Le Bubishi n’est pas un manuel à appliquer mécaniquement. C’est un texte initiatique, volontairement fragmentaire, parfois obscur, dont la fonction première est de provoquer l’étude, le questionnement et surtout le travail personnel. Sans un esprit libre, le Bubishi se réduit à une collection de recettes martiales ; avec un esprit libre, il devient un outil de transformation.
Le Bubishi comme texte ouvert, non dogmatique
Le Bubishi ne prescrit presque jamais une forme figée. Il juxtapose aphorismes, dessins, principes médicaux, tactiques de combat, références taoïstes et observations empiriques. Cette hétérogénéité n’est pas une faiblesse : elle oblige le pratiquant à relier, interpréter, expérimenter.
Historiquement, il s’adresse à des pratiquants déjà avancés, capables de lire entre les lignes. Les maîtres d’Okinawa ne l’ont jamais utilisé comme un syllabus, mais comme un miroir : chacun y voyait ce que son niveau, son corps et son esprit lui permettaient de comprendre.
L’étude comme acte martial
Dans l’esprit du Bubishi, étudier n’est pas accumuler des connaissances. Étudier, c’est affiner la perception.
Lire un passage sur la stratégie ou la vitalité interne n’a aucun sens si cela ne se traduit pas par :
une modification de la posture,
une transformation du relâchement,
une amélioration du timing,
une plus grande lucidité émotionnelle en situation de stress.
Le Bubishi valorise l’étude lente, répétée, cyclique. On y revient après des années, et le texte “change” parce que le pratiquant a changé. Cette logique est radicalement opposée à une approche moderne consumériste du savoir martial.
Le travail personnel : au-delà du dojo
Le Bubishi insiste implicitement sur un point fondamental : le progrès réel se fait en dehors du regard du maître.
Le travail personnel comprend :
la répétition consciente (kata, gestes simples, postures),
l’observation fine des sensations internes (ancrage, respiration, chinkuchi, muchimi),
l’auto-correction honnête,
l’intégration du corps dans la vie quotidienne.
Le texte rappelle que la maîtrise ne dépend pas du nombre de techniques connues, mais de la qualité d’incarnation. Un seul mouvement compris en profondeur vaut mieux que cent techniques superficielles.
L’esprit libre : condition de compréhension
Un esprit prisonnier des styles, des grades, des querelles d’écoles ou des certitudes rigides est incapable de comprendre le Bubishi.
L’esprit libre, dans ce contexte, ne signifie pas anarchie ou absence de cadre, mais :
capacité à douter de ce que l’on croit savoir,
aptitude à tester plutôt qu’à croire,
Le Bubishi est profondément influencé par le taoïsme : il valorise l’adaptation, le non-forçage, la compréhension du moment juste. Cela exige un esprit non encombré, capable de laisser tomber une interprétation devenue obsolète.
Transmission indirecte et responsabilité individuelle
Le Bubishi ne “transmet” rien au sens moderne. Il met le pratiquant en responsabilité.
Il n’explique pas tout, volontairement. Ce silence oblige à :
chercher auprès de plusieurs enseignants,
confronter le texte à l’expérience du combat réel,
accepter que certaines choses ne puissent être comprises qu’après des années de pratique corporelle.
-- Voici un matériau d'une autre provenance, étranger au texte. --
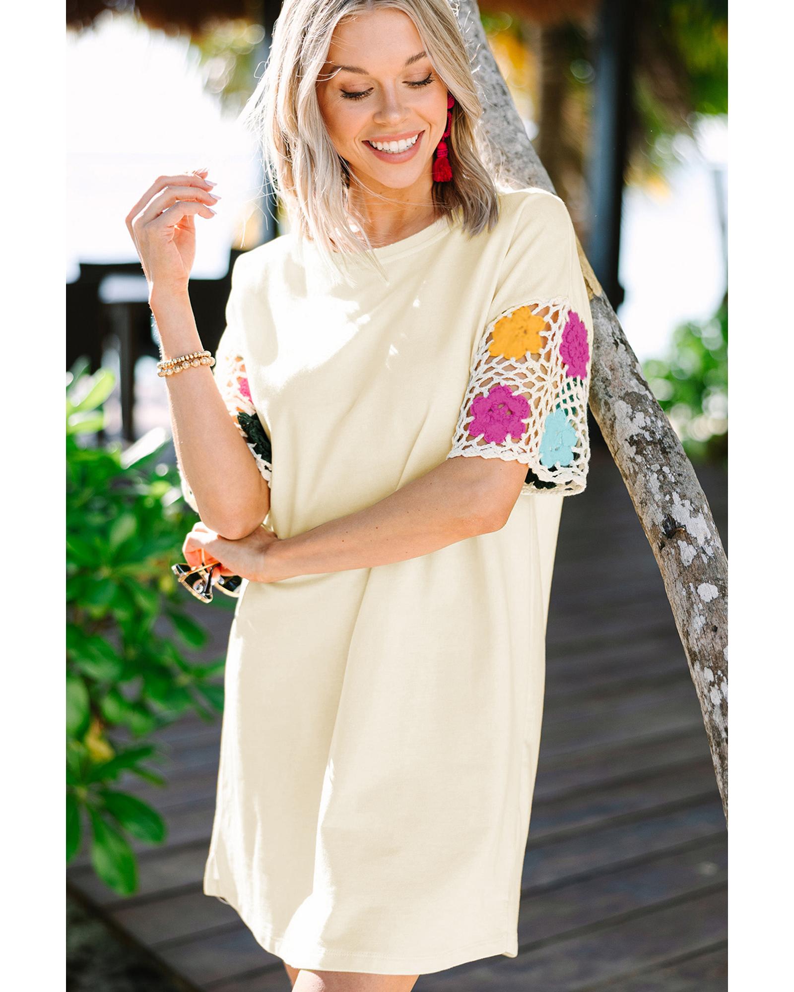 - 1 x White Floral Crochet Splicing Sleeve T-Shirt Dress

C’est une transmission par maturation, non par explication.
Une éthique de liberté et de rigueur
Contrairement à une idée reçue, liberté et rigueur ne s’opposent pas dans le Bubishi. Elles sont indissociables.
La liberté sans travail mène à l’illusion.
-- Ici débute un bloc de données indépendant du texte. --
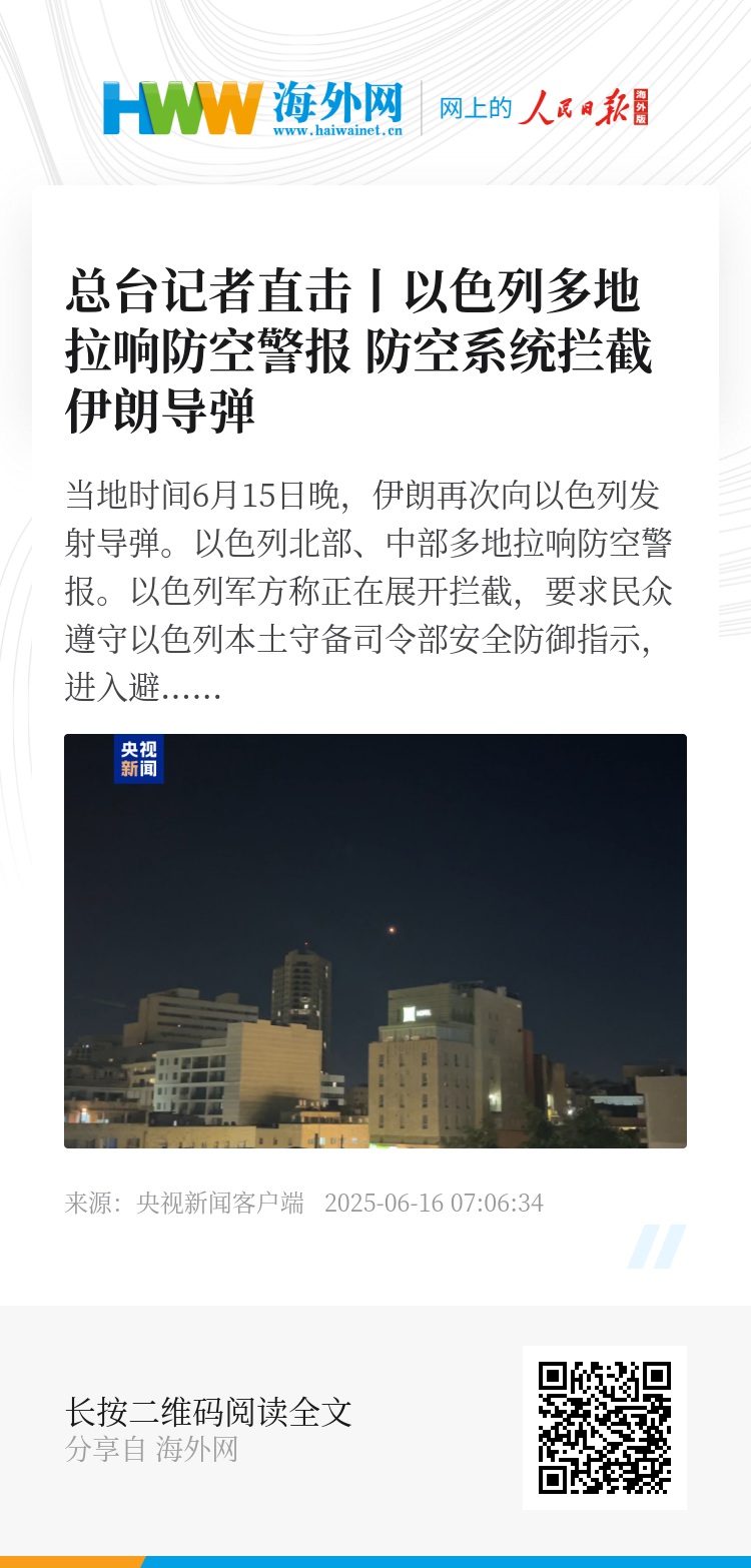 当地时间6月15日晚,伊朗再次向以色列发射导弹。以色列北部、中部多地拉响防空警报。以色列军方称正在展开拦截,要求民众遵守以色列本土守备司令部安全防御指示,进入避难所。

Le travail sans liberté mène à la rigidité.
Le Bubishi propose une voie exigeante : discipline du corps, clarté de l’esprit, indépendance intérieure. Il ne cherche pas à fabriquer des exécutants, mais des pratiquants capables de penser, sentir et agir juste, même hors des cadres connus.
Conclusion
Étudier le Bubishi, c’est accepter de ne pas recevoir de réponses toutes faites. C’est entrer dans une relation longue, parfois inconfortable, mais profondément féconde avec sa propre pratique.
Sans esprit libre et sans travail personnel, le Bubishi reste un livre ancien.
Avec ces deux qualités, il devient une boussole intemporelle pour le budō authentique.